In no particular order:
(1) It sounds like you're nagging/pushing. STOP. I pushed a little hard when I discovered MMM and showed it to my bf, now I'm pretty sure he'll never read it. And we had been together longer. I sometimes share with him the most ridiculous "antimustachian" posts from this forum so we can laugh about them, and leave it at that.
(2) You sound like you're unhappy that he isn't doing what you're telling him; maybe that's an incorrect reading, but that's what's coming through the page to me. If that's the case, you need to internalize the concept that he is an independent adult that makes decisions based on his own experiences, preconceived beliefs, and the facts presented to him. Sometimes, he will draw different conclusions from you, even given the same information (and this pertains to more than money). Sometimes it's ok to let it go or find a compromise; if it's not imminently endangering your well-being or showing unfathomable stupidity.
(2b) Unfathomable stupidity is skipping your CC and SL payments to go gamble your whole paycheck away in Vegas, and then some. Buying a car at 29% interest for 7 years. Your dude sounds like he's making regular payments and his card isn't perpetually maxed out; sounds like his worst sin is it sometimes has a balance (yes, I think that's worse than buying a new car or even partially financing it). It sounds like he has *some* notion of financial responsibility, and I think you could work with that. Slowly and gently.
(3) Is your primary goal/reason for this relationship to have someone to pool finances and sock money away with? Obviously for some it's a top priority (see above). But IMO, it's more important to have someone who can enjoy the simple things with you--a good hike, a homemade meal, a conversation about a book, your laugh, stargazing, a roadtrip. Talk sometime about what his idea of a good life is, who he wants to be. CEO with a private jet and a collection of sportscars? it's possible it won't last. Comfortable life, security, free time, putting his kids through college? He'll probably come around with time.
(3b) If there is hope, find things you both find ridiculously extravagant, for common ground. Find ideals that you share and bring your communal choices back to that instead of frugality (e.g. environmentalism). You can't use a common future to convince him because you don't have one yet; you need to find common ground in the now.

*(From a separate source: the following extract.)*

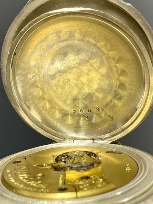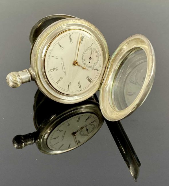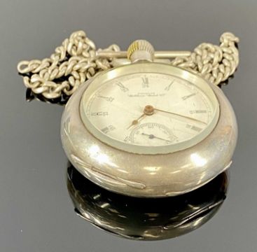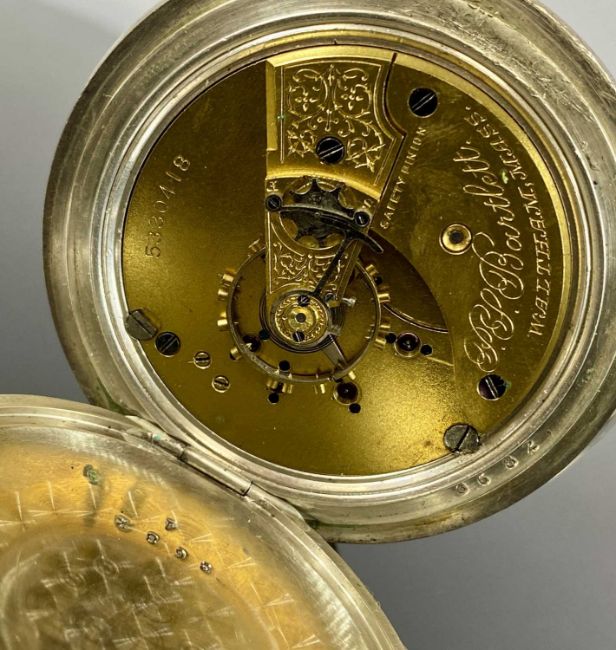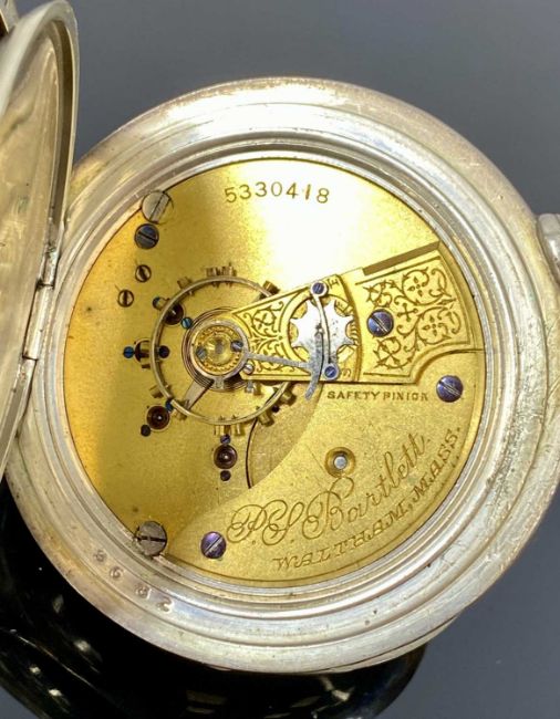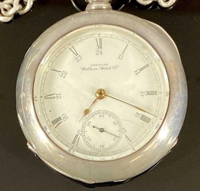 BARTLETT WALTHAM WATCH CO. LARGE NICKEL CASED POCKET WATCH, keyless, white dial with subsidiary seconds dial, movement signed and numbered 5330418, 60mms (diam.), with a silver watch chain with T-barProvenance: private collection Gwynedd

There are people on this forum who buy new cars. Who travel intercontinentally. Who hold on to big-4 cellphone providers. Who have cable. Who have vacation houses. Who have expensive hobbies (cars, planes, horses, sailboats, "foodies," marathons, triathlons, etc). They probably aren't the ones with $10k/year budgets, and no one is doing most of the above all at once. It's not all or nothing; you can write your own philosophy and find room for compromise and for deciding that he is good enough and worth more than $X in the bank. But only you can make that choice of how far you are willing to go.